The story of "Nuggets" coincides with one of the early waves of rock nostalgia. The dust of the 60's had cleared by the early 1970's. Bands began showing off with drum solos, concept albums and lengthy epics like ELP's "Karn Evil 9" ("Welcome back my friends to the show that never ends") that emphasized musical virtuosity over rock and roll spirit.
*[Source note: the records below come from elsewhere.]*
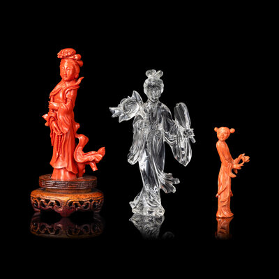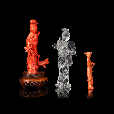 Two Chinese Red Coral Figures and a Rock Crystal Figure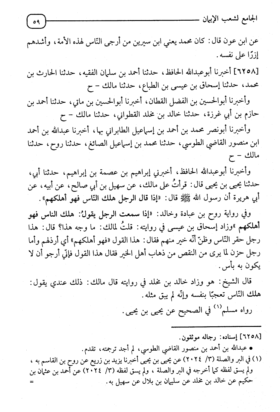 6258 - أَخْبَرَنَا أَبُو عَبْدِ اللهِ الْحَافِظُ، نا أَحْمَدُ بْنُ سَلْمَانَ الْفَقِيهُ، نا الْحَارِثُ بْنُ مُحَمَّدٍ، نا إِسْحَاقُ بْنُ عِيسَى بْنِ الطَّبَّاعِ، نا مَالِكٌ، ح، وَأَخْبَرَنَا أَبُو الْحُسَيْنِ بْنُ الْفَضْلِ الْقَطَّانُ، أَنَا أَبُو الْحُسَيْنِ بْنُ مَاتِي، نا أَحْمَدُ بْنُ حَازِمِ بْنِ أَبِي غَرَزَةَ، نا خَالِدُ بْنُ مَخْلَدٍ الْقَطَوَانِيُّ، نا مَالِكٌ، ح، وَأَخْبَرَنَا أَبُو نَصْرٍ مُحَمَّدُ بْنُ أَحْمَدَ بْنِ إِسْمَاعِيلَ الطَّبَرَانِيُّ بِهَا، نا عَبْدُ اللهِ بْنُ أَحْمَدَ بْنِ مَنْصُورٍ الْقَاضِي الطُّوسِيُّ، نا مُحَمَّدُ بْنُ إِسْمَاعِيلَ الصَّائِغُ، نا رَوْحٌ، نا مَالِكٌ، ح، وَأَخْبَرَنَا أَبُو عَبْدِ اللهِ الْحَافِظُ، أَخْبَرَنِي إِبْرَاهِيمُ بْنُ عِصْمَةَ بْنِ إِبْرَاهِيمَ، نا أَبِي، نا يَحْيَى بْنُ يَحْيَى، قَالَ: قَرَأْتُ عَلَى مَالِكٍ، عَنْ سُهَيْلِ بْنِ أَبِي صَالِحٍ، عَنْ أَبِيهِ، عَنْ أَبِي هُرَيْرَةَ، أَنَّ رَسُولَ اللهِ صَلَّى اللَّهُ عَلَيْهِ وَسَلَّمَ قَالَ: " §إِذَا قَالَ الرَّجُلُ: هَلَكَ النَّاسُ فَهُوَ أَهْلَكُهُمْ " وَفِي رِوَايَةِ رَوْحِ بْنِ عُبَادَةَ، وَخَالِدٍ " إِذَا سَمِعْتَ الرَّجُلَ يَقُولُ: هَلَكَ النَّاسُ فَهُوَ أَهْلَكُهُمْ "، وَزَادَ إِسْحَاقُ بْنُ عِيسَى فِي رِوَايَتِهِ، قُلْتُ لِمَالِكٍ مِمَّا وَجْهُ هَذَا؟ قَالَ: هَذَا رَجُلٌ حَقَّرَ النَّاسَ وَظَنَّ أَنَّهُ خَيْرٌ مِنْهُمْ، فَقَالَ هَذَا الْقَوْلَ، فَهُوَ أَهْلَكُهُمْ: أَيْ أَرْذَلُهُمْ. وَأَمَّا رَجُلٌ حَزِنَ لِمَا يَرَى مِنَ النَّقْصِ فِي ذَهَابِ أَهْلِ الْخَيْرِ، فَقَالَ هَذَا الْقَوْلَ فَإِنِّي لَأَرْجُو أَنْ لَا يَكُونَ بَأْسٌ. قَالَ الشَّيْخُ: " وَزَادَ خَالِدُ بْنُ مَخْلَدٍ فِي رِوَايَتِهِ، قَالَ مَالِكٌ: وَذَلِكَ عِنْدِي يَقُولُ: هَلَكَ النَّاسُ مُعْجَبًا بِنَفْسِهِ وَأَنَّهُ لَمْ يَبْقَ مِثْلُهُ ". وَرَوَاهُ مُسْلِمٌ فِي الصَّحِيحِ، عَنْ يَحْيَى بْنِ يَحْيَى
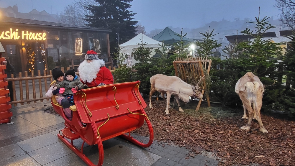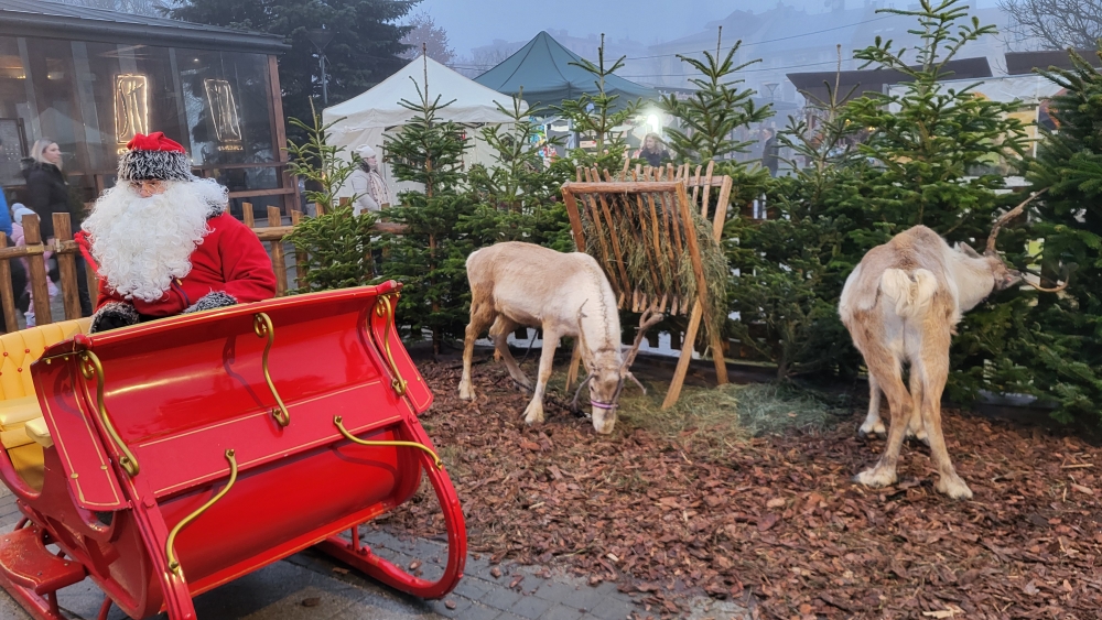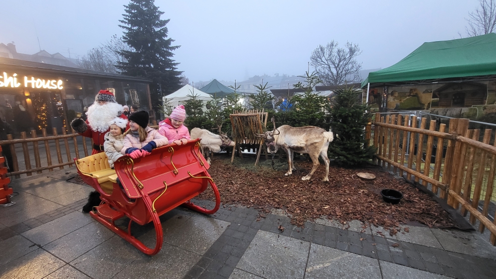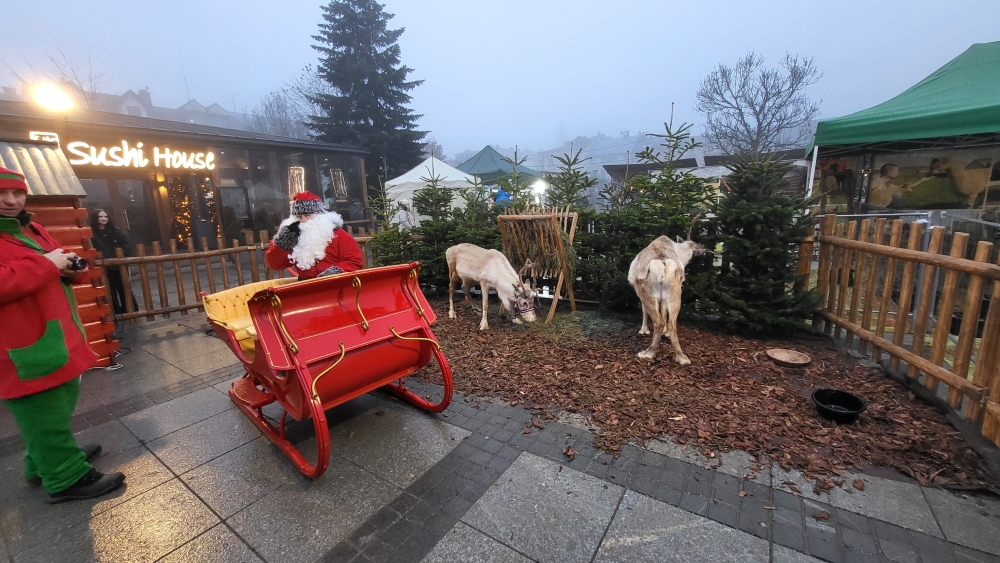 Zagroda św Mikołaja z Reniferami na Rynku w Nowym Targu na Jarmarku Bożonarodzeniowym

Rock star Lenny Kaye squeezed the best of 60's garage rock into a double album, "Nuggets", that reminded everyone why they started listening to music in the first place.
"Nuggets" has long been out of print, but last year the folks at Rhino Records re-issued and expanded it to four compact disks offering shiploads of two-minute songs from obscure one-hit wonders and other bands that scraped along in every nook and cranny, from Stinkfoot, Arkansas to Boston, Massachusetts. It's all here: "Nobody but me" by the Human Beinz, "Time won't let me" by the Outsiders, "Double shot (of my baby's love)" by the Swingin' Medallions, "You're gonna miss me" by the Thirteenth Floor Elevators, "Little girl" by the Syndicate of Sound and "Liar Liar" by the Castaways, one the greatest songs in the history of rock and one of the best male-female vocal tradeoffs.
Of course, this multi-volume set is brimming with schlock -- but quality schlock it is, capturing that wonderful moment in rock history inaugurating the psychedelic era, when the arrow was soaring forward and the music was raunchy. Take "Karn Evil 9" and stick it -- garage band rock is ours. ++
Steve Bergstein is a civil rights lawyer.